Although the Destroyer can act independently for brief periods, the construct is typically lifeless until animated by the life force of a sentient living being. Once animated, the Destroyer retains a rudimentary base personality that will eventually subvert the host unless they have a particularly strong will. Odin is also capable of casting a spell that can force the animating persona from the armor and deactivate it.

==Other versions==
===Secret Wars (2015)===
An alternate universe version of the Destroyer from the Maestro's future appears in Secret Wars.

===Ultimate Universe===
An alternate universe version of the Destroyer appears in The Ultimates. Loki unleashes the Destroyer in a bid to end Thor's rebellion, only for Surtur to melt the Destroyer into a slab.

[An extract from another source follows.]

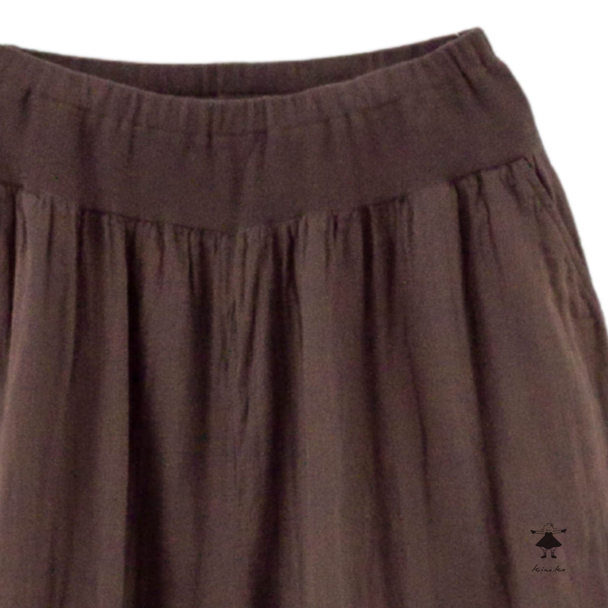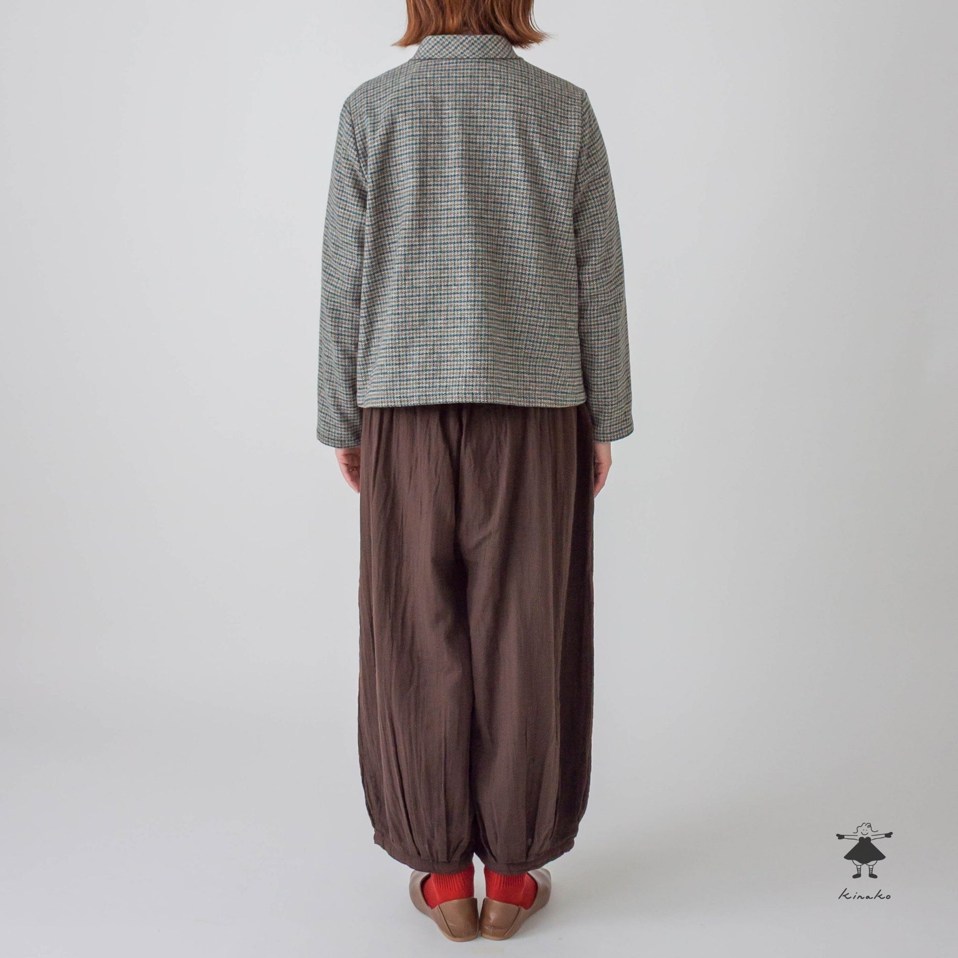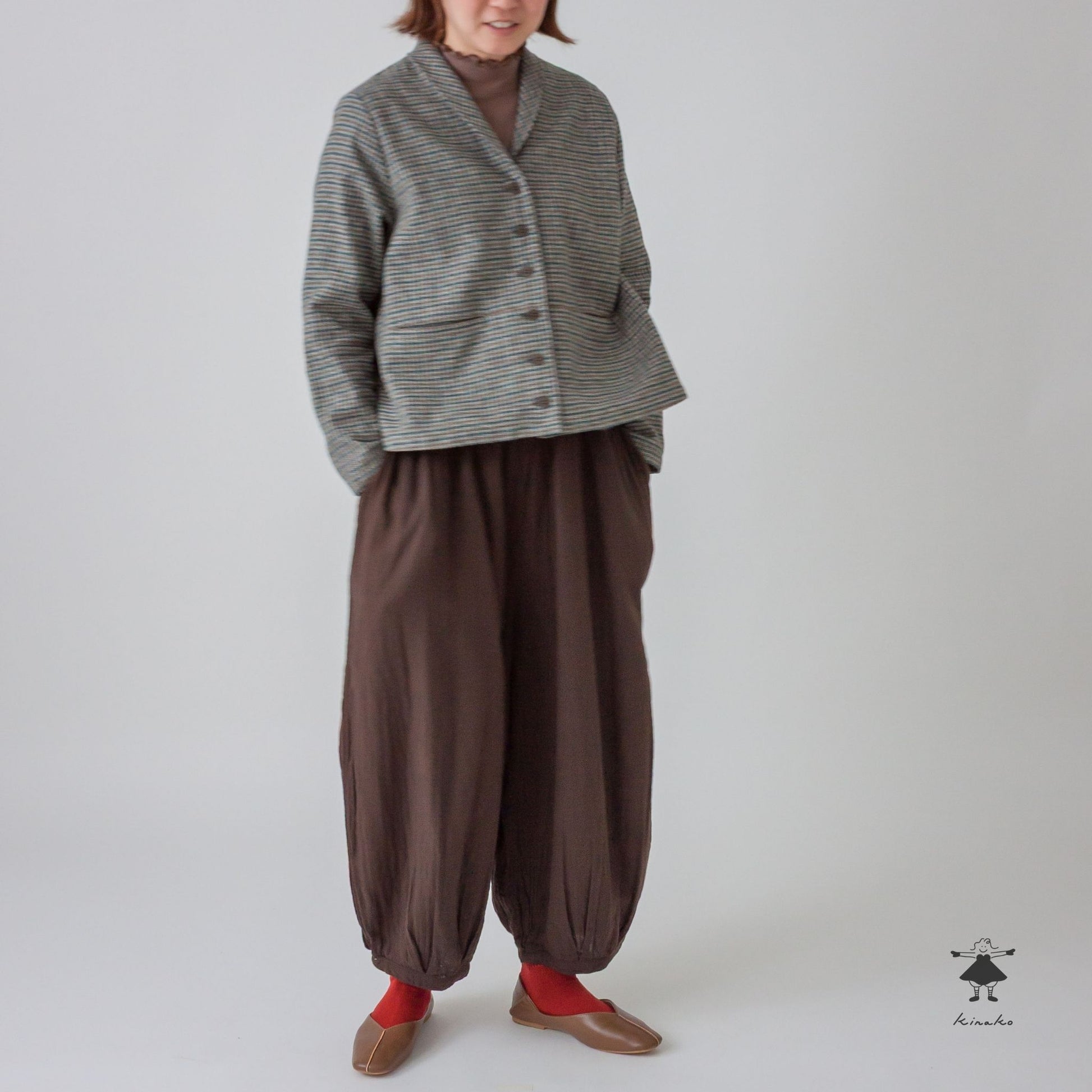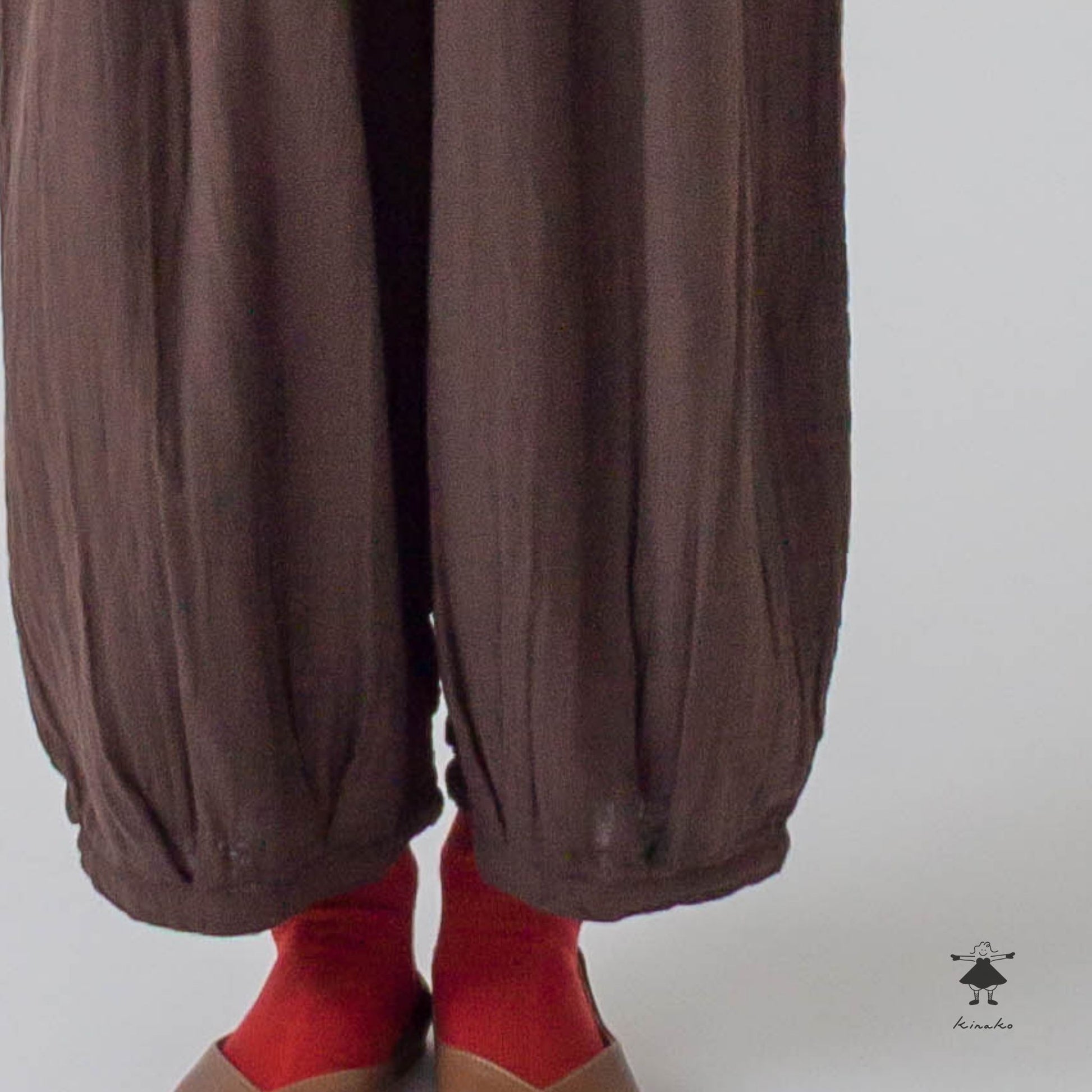 ガーゼ生地をたっぷり使ったバルーン型パンツです。ウエスト部分はテレコ生地を使いスッキリした見た目とお腹を包むような優しい履き心地が特徴です。裾口にタックを入れて丸いシルエットに仕上げました。

===What If... Loki Was Worthy? (Earth-TRN1364)===
An alternate universe version of the Destroyer appears in the novel What If... Loki Was Worthy? (written by Madeleine Roux), which is set in a timeline where Loki is stripped of his powers and banished to Earth after his latest mischief (which involved sabotaging the Destroyer with help from the dwarf Kvisa Röksdóttir) results in the death of Thor and several casualties in New York City. The Destroyer is found and discovered by Tony Stark, who (driven to revenge on Asgard after his best friend Happy Hogan dies in the fight between Thor and the Destroyer) rebuilds the remains of the Destroyer armor into the Iron Destroyer.

==In other media==
===Television===
- The Destroyer appears in the "Mighty Thor" segment of The Marvel Super Heroes.
- The Destroyer appears in The Avengers: Earth's Mightiest Heroes episode "Powerless".
- The Destroyer appears in the Ultimate Spider-Man episode "Itsy Bitsy Spider-Man".
- The Destroyer appears in Avengers Assemble.
- The Destroyer appears in Guardians of the Galaxy.
- The Destroyer appears in Marvel Disk Wars: The Avengers.

===Film===
The Destroyer appears in Thor.

===Video games===
- The Destroyer appears as a boss in Marvel: Ultimate Alliance.
- The Destroyer armor is an unlockable costume for Thor in Thor: God of Thunder.
- The Destroyer appears as a boss and unlockable character in Marvel: Avengers Alliance.
- The Destroyer appears as a boss and unlockable character in Lego Marvel Super Heroes.
- The Destroyer appears as a playable character in Marvel: Future Fight.
- The Destroyer appears as a playable character in Lego Avengers.
- The Destroyer appears as a boss in Marvel Ultimate Alliance 3: The Black Order, voiced by Liam O'Brien. Hela places Red Skull's soul into the Destroyer armor to fight the heroes and Loki, only for it to be impaled by Odin.
- The Destroyer appears in Marvel Snap.

===Merchandise===
- The Destroyer was included as a chase variant in the 15th wave of Toy Biz's Marvel Legends action figure line.
- A figure of the Destroyer was released in wave 39 of the Marvel Minimates line.
- A figure of the Destroyer was released in the Battle for Asgard's Vault 3-pack from the Marvel Super Hero Squad line, packaged with Thor and Loki.
- Two figures of the Destroyer were released in Hasbro's Thor: The Mighty Avenger line. Due to trademark issues, at least one figure is marketed as Marvel's Destroyer.
- A figure of the Destroyer was released as part of HeroClix.
- Funko released a bobblehead for the Destroyer based on its appearance in the Thor film, which was only available in certain Bethany Beach, Delaware stores.